Achieving a shared understanding

As proposals and budget requests progress for funding health IT modernization, it’s essential that organizations move forward in the same direction.

The EHI Task Force recommends a baseline of proven, industry-developed standards and technologies, and I support this approach. Standardization would not only guide organizations in the development of their data lakes and layers, but it would also strengthen data collection, the bedrock of analysis and insight.

Right now, information used in public health research and analysis is collected under different standards and systems, with variance across states, regions, and organizations. The resulting mélange is a problem when using data from one system and purpose, like anonymized electronic health record (EHR) information from patient visits, for another, like disease surveillance.

Shared standards can help public health teams establish such provenance, revealing how each piece of information was originally captured, for what purpose, and any characteristics that would limit its applicability to a new application. By increasing the utility of raw information, such a standardized approach to data collection and management can lead to a more holistic understanding of public health.

Equipped with these modernized health IT systems, a health commissioner or municipal decision-maker can better see where social determinants of health put populations at risk, which community partners to tap for additional education or support, and how to reallocate and reprioritize services and resources for greater access, inclusivity, and equity.

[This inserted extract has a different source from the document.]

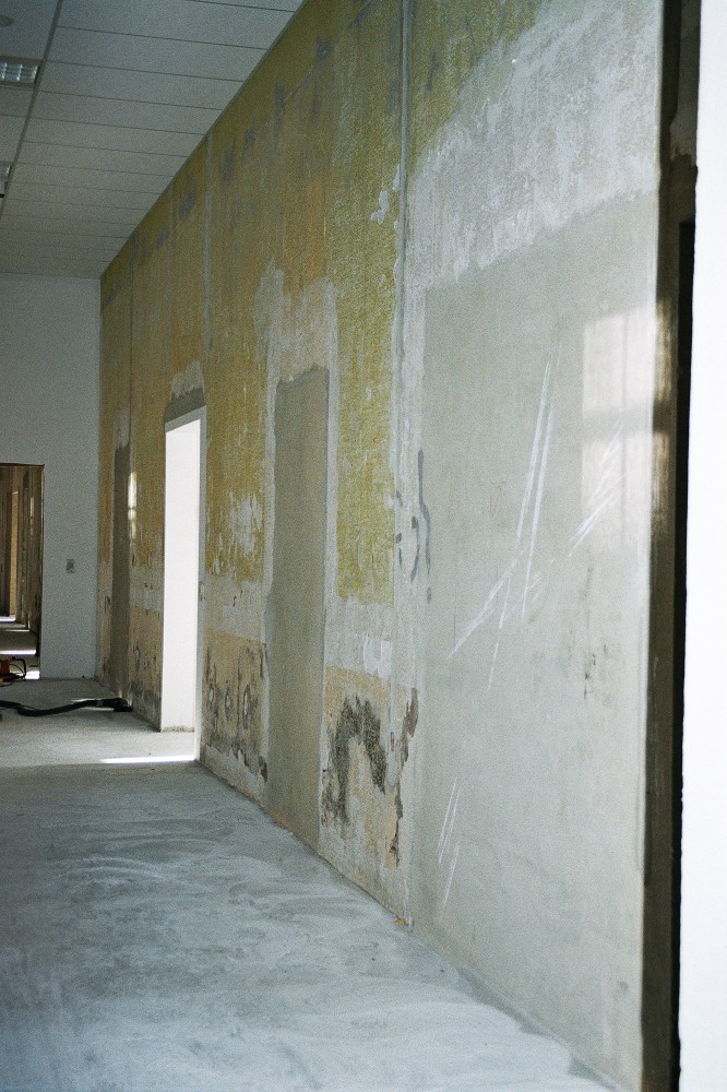 ”Væggene i stueetagen skal ikke males. Ved at lade dem stå, som de er, fortæller der på samme tid om alle de perioder, der har været. Når du afdækker de forskellige malerperioder, ser man også de forskellige farver, de forskellige overflader, de forskellige teksturer. Så kan du se, hvordan bygningen har levet før. Her er det tilfældigt, hvordan de bliver afdækket. Det er håndværkeren, der med sin afrensning giver de forskellige overflader. Han er sådan set kunstneren. Det er ikke en del af funktionen, men del af fortælleværdien, så eftertiden også kan aflæse bygningshistorie.” (Arkitekt Finn Larsen)

Any standards the health sector develops should support both security and bidirectional flows of data from a variety of federal, state, and local sources. To encourage adoption, the Task Force recommends a voluntary certification program, similar to what’s in place for EHRs.

In conclusion

“Technology has the power to make our healthcare systems more innovative and inclusive than ever before,” Booz Allen COO and EHI Board member Kristine Martin Anderson said in the launch of EHI’s Digital Health Equity Pledge. Modern health IT infrastructure, collaboratively developed, will help us achieve this vision, enabling us to better leverage our vast stores of data to get ahead of the next threat and achieve stronger, more equitable health outcomes.